I’ve been home from hospital since 29th December, which was a day of very high emotions for me, as both myself and then my hospital buddy learnt from the consultants on the ward rounds that we had indeed achieved 24 hours of stable pulse ox levels with no oxygen and were going to be discharged to our respective homes. There was the frustration of waiting for take-out meds to be dispensed and discharge letters to be typed up; the sudden and slightly deflating confirmation I could go, in what then seemed almost indecent haste, with hurried farewells; the sudden shock of walking on my own flimsy legs back through an Acute MU ward, something I had only done in my med-driven nightmares, and then to a set of lifts, and down five floors onto what seemed like an almost absurdly long corridor. I actually did mutter under my breath: ‘you have GOT to be kidding me!’ and the lovely nursing assistant – let’s call her Roxy – said ‘ooh do you need to stop, do you need me to get a wheelchair?’ – and I remembered that my wife was at the end of that seemingly endless expanse and said: No, no thank you Roxy, I can do this. I walked close to the handrail, not touching it but my hand floating as if playing my own strength on a theramin. I felt hollow and my legs seemed to have dissolved but I could still perceive the floor’s solidity and knew I was not going to fold up and fall. So I plodded slowly onwards. My time perception was still highly elastic and the walk felt like a few seconds and many minutes all at the same time. My legs did not hurt or ache at all, as I thought they might. Finally we approached the open expanse of the hospital’s main reception. I could see my wife but she was looking in many directions other than mine. I had not seen her moving, lively face for a week and the last time, I was struggling to breathe. She looked like the only, best thing in my universe and I wanted to enfold her in my pipe cleaner arms and say: Honestly, this *is* me trying to hug you.

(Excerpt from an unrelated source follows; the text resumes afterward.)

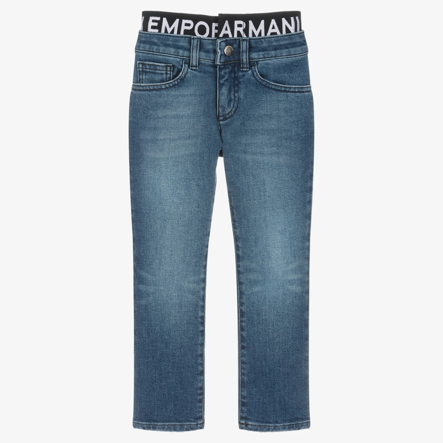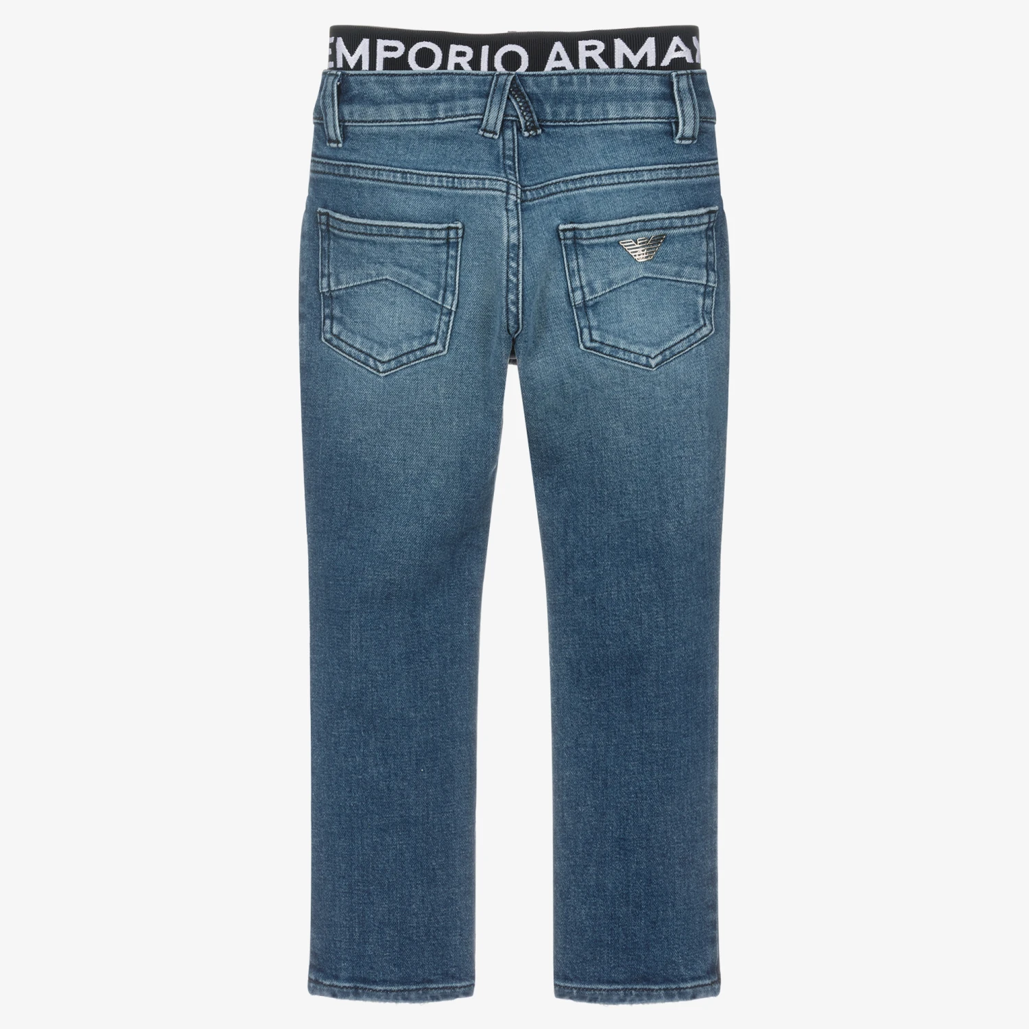 Mid-blue jeans for boys by Emporio Armani, made with an elasticated, jacquard logo insert on the waist. Made in soft, comfortable, stretchy denim, they have a washed and worn look, with distressed cuffs and five-pocket styling. They fasten with a branded popper and zip and are finished with an Eagle metal logo plate on the back for extra designer style.

There were shenanigans in fetching the car and what felt like a long wait for her to pull into the bay. I was outside wearing a fleece and feeling a bit ‘nesh’, when two inpatients in pyjamas and dressing gowns came out to stand nearby for a fag. They’d overheard our conversation about a belated Christmas lunch and perhaps a beer, (I know, I know, daft idea – but yes, I did) and I braced myself for some piss-taking, but no: ‘alright mate! you getting out of ‘ere then, goin’ to ‘ave yer Christmas dinner yeah? an’ a beer? Good on ya mate!’ I thought I should say something so I simply said: yeah, it’s going to be great to see my family, I’ve just got out from the COVID ward you see.

“FAAAAAAARRKK really mate? Bloody ‘ell well done mate well done good on ya –“

Soon I was in the warm car and the journey back, so familiar, so surreal was actually really good at grounding me back into external reality, so that when we reached home it felt normal and natural and just so very good indeed. The cats were there to greet me with chirps and head-to-knee rubs. I went through the door to what felt like Paradise and there were presents and hugs and tears and love and it was All Very Good Indeed.

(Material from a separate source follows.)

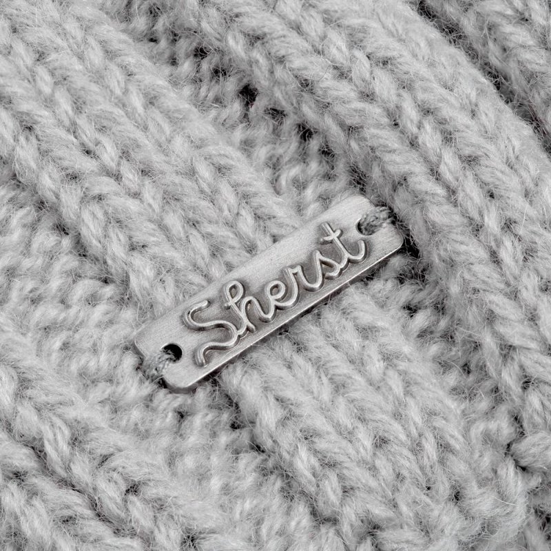 Металлический шильд с названием бренда расположен у заднего шва шапки. Это оставляет место спереди для пришива лейбла или шильдика с логотипом заказчика.

I was still very, very sick. I managed to remember enough about the isolation to make sure I didn’t put in danger the family members as yet untouched by the disease.

Since then there has been a very long, very slow recovery not only from the virus itself, but also massively going through withdrawal from medication and a weird mixture of the subsiding side effects as I detoxed, with a whole bunch of new and exceptionally awful symptoms of the actual withdrawal. I would say that period of over a week has been one of the real lows because it happened after the euphoria of returning home. Nonetheless, I am now substantially recovered from most of it: but by whatever gods you use, I still ache with tiredness, I am still fighting with insomnia, the struggle to stay hydrated remains a daily reality, I cannot remember such muscle weakness and chronic fatigue despite a range of minor illnesses earlier in life. The fear of a DVT and the invasiveness of the elevation of feet and balancing that with moving and walking and trying to do normal things around all of that too, that element is now surprisingly high up in my thoughts because it is very disruptive to life in general.

I’m very far from being able to say: I am Well. Yet, each day feels like a new start on a higher step of the ladder.